Research Study Claims AI-Generated Faces Are More Trustworthy Than Real Humans
Artificial Intelligence (AI) research continues to make advancements as its uses become more diverse. A Sony AI recently challenged human players in PlayStation's exclusive Gran Turismo, and had mortals seething. AI is also a driving force behind the metaverse as companies battle it out for dominance in the land of make believe. But perhaps one of the most interesting, and often disturbing avenues of AI has been its use in creating realistic human imagery, also known as deep-fakes.

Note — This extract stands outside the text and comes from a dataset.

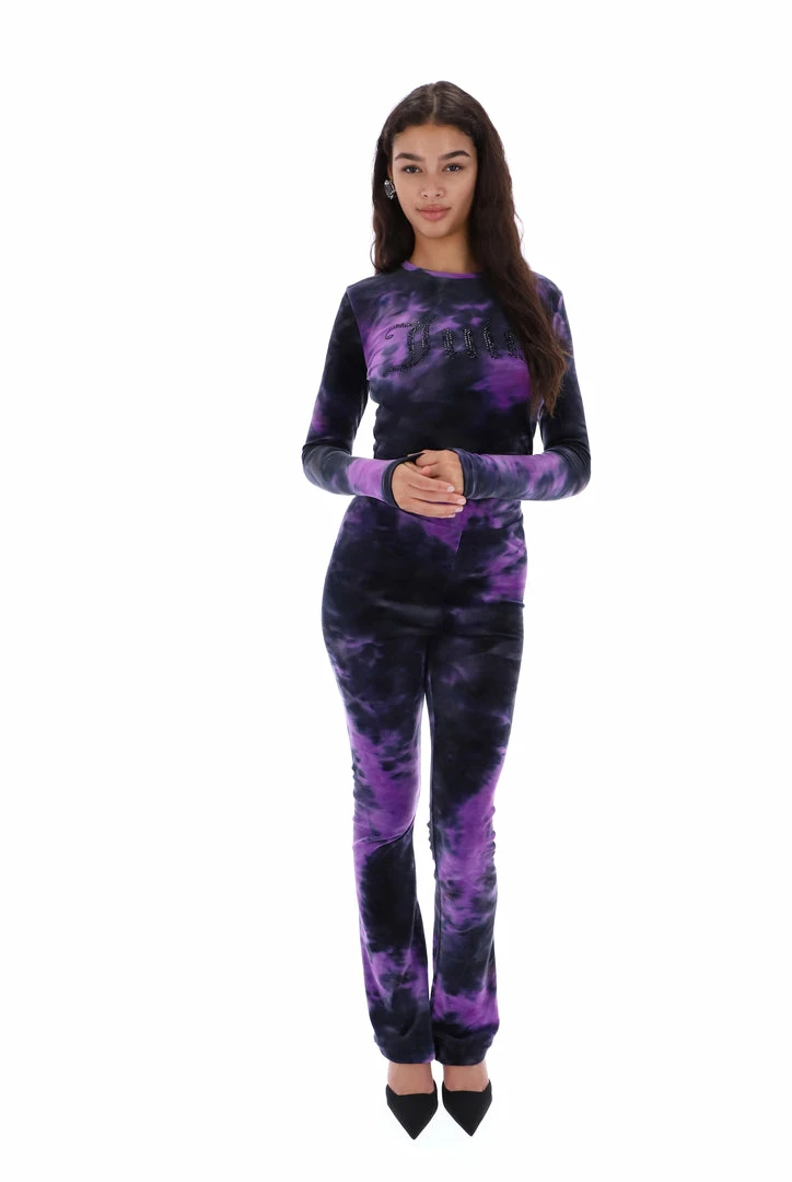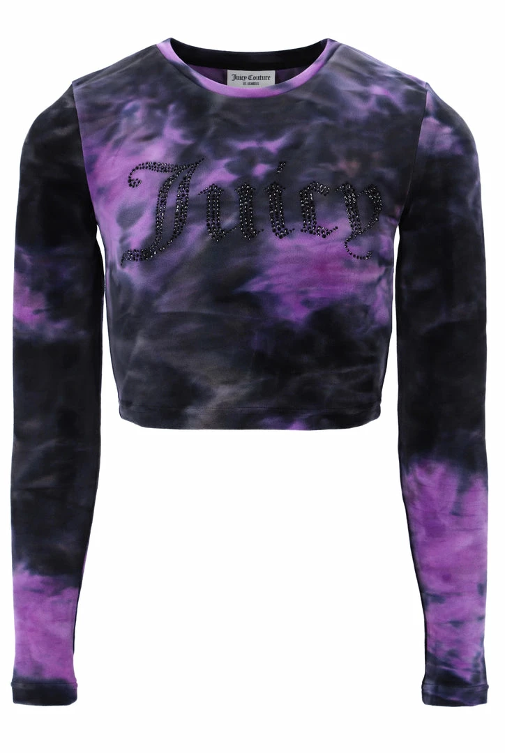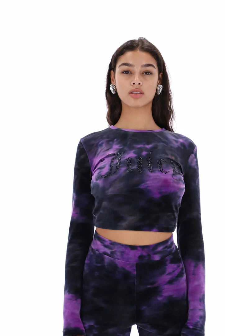 Slim fit long sleeve cropped top in purple tie dye classic velour. This crop top features an encased elastic neckline and branded with statement embellished diamante ‘Juicy’ across chest. Pair with the matching flares and track top for a complete tie dye look.

In a recent post on Proceedings of the National Academy of Sciences of the United States (PNAS), new research suggests that AI-powered audio, image, and video synthesis has become so good that mere mortals actually seem to trust their artificially generated counterparts more than their fellow human beings. The days of being able to distinguish deep-fakes by the "uncanny valley," or it having an empty stare, are quickly disappearing.
Generative adversarial networks (GANs) are popular methods of synthesizing content. A GAN uses two neural networks, a generator and discriminator, and pits them against one another. As synthesized images are created, if the discriminator is able to distinguish them from real ones the generator is penalized. Each time the generator is punished, it learns to create more realistic faces until the discriminator is unable to tell the fakes from the real ones.
Results from the study suggest that actual humans can easily be deceived by machine-generated faces. "We found that not only are synthetic faces highly realistic, they are deemed more trustworthy than real faces," stated study co-author Hany Farid, a Professor at the University of California, Berkeley. This raises concerns that use of highly sophisticated deep-fakes could be very effective for heinous purposes.
Perhaps the greatest concern is that machine-generated imagery could be utilized for malicious purposes such as weaponization in disinformation campaigns for political or personal gain, the creation of false porn for blackmail, and a number of other tactics that could be implemented. It has created an "arms race" of sorts between those trying to develop countermeasures to identify deep-fakes, and cybercriminals trying to take advantage of the technology. The research contends that, "Although progress has been made in developing automatic techniques to detect deep-fake content, current techniques are not efficient or accurate enough to contend with the torrent of daily uploads."
The authors end the study with an ominous observation, stating, "We, therefore, encourage those developing these technologies to consider whether the associated risks are greater than their benefits. If so, then we discourage the development of technology simply because it is possible."